Langfuse down — ClickHouse OOMKilled

resourcesPreset: small (768Mi) is not enough. Set explicit ClickHouse resources (request 1Gi / limit 3Gi) in langfuse.yaml, then delete the stuck langfuse-web pod to skip its backoff.

Drone shows a stale battery / disconnect & reconnect after charging

The Tello leaves SDK mode (stops streaming state) ~15s after its last command, so a server that only sends command once freezes on the last reading. Fixed with a 5s keepalive that re-sends command — telemetry stays live and the drone auto-reconnects when powered back on (no pod restart). get_state reports connected/stale/state_age_s so a dead stream never masquerades as live; get_battery actively queries for a guaranteed-current reading. If it doesn't reconnect, the drone likely came back on a different IP — set a DHCP reservation pinning its MAC to 172.16.10.168. Flaky WiFi: idempotent commands (keepalive, battery?, land, emergency) retry ~2×; movement never retries (a timed-out move may have already run — retrying would double-move).

kagent dashboard / tracing is empty (but AgentGateway tracing works)

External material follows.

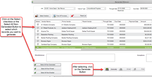 records by Job using the Generate Waivers.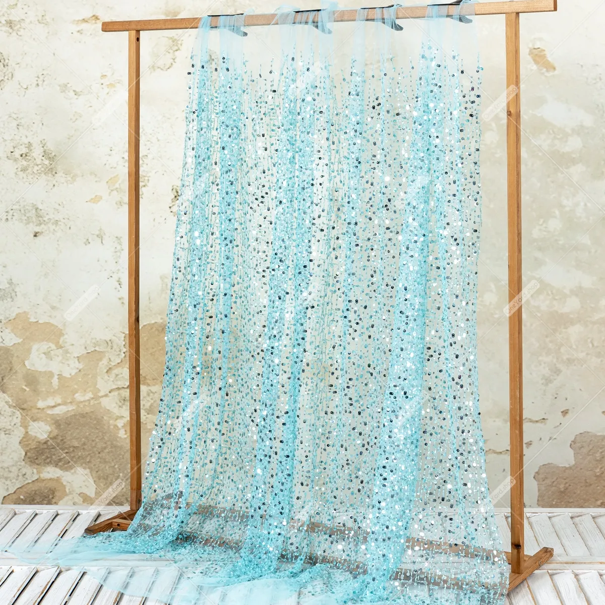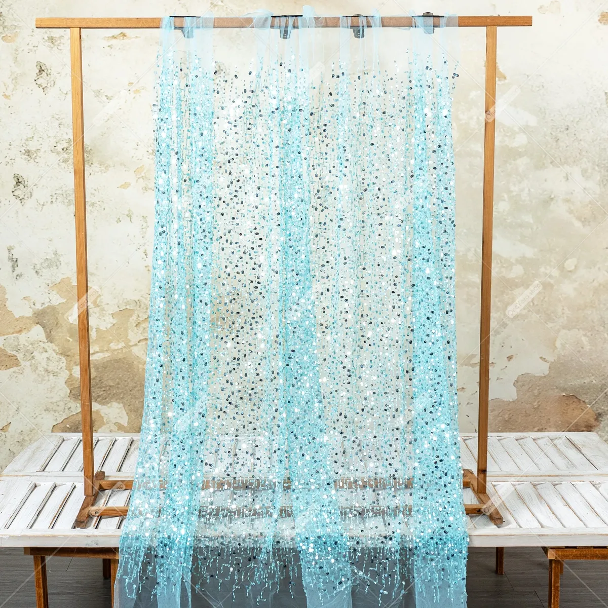 Dazzling Sequinned Ice Blue Rainfall Beading Material

kagent OTEL tracing is OFF by default (otel.tracing.enabled=false) — AGE tracing is a separate gateway-policy pipeline, which is why one works and the other doesn't. Enable otel.tracing in kagent-enterprise.yaml pointed at kagent-otel-collector, refresh the root app-of-apps, then kubectl -n kagent rollout restart deploy/kagent-controller (it re-renders agent pods with the OTEL env). The config lands in the kagent-controller ConfigMap.

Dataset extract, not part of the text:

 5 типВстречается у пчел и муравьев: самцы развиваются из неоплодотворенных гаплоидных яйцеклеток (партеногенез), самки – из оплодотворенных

Langfuse accepts traces but none show up (any project)

langfuse-clickhouse PVC is 100% full — the worker drops every write (Cannot reserve … not enough space). Expand the PVC; if it stalls at Resizing with cannot expand volume before replica scheduling success, this single-node cluster's Longhorn volume is degraded at 3 replicas — patch volume.longhorn.io <id> numberOfReplicas: 1 so it goes healthy, then set spec.size. Don't bump the chart persistence.size (immutable StatefulSet template → wedges the ArgoCD sync).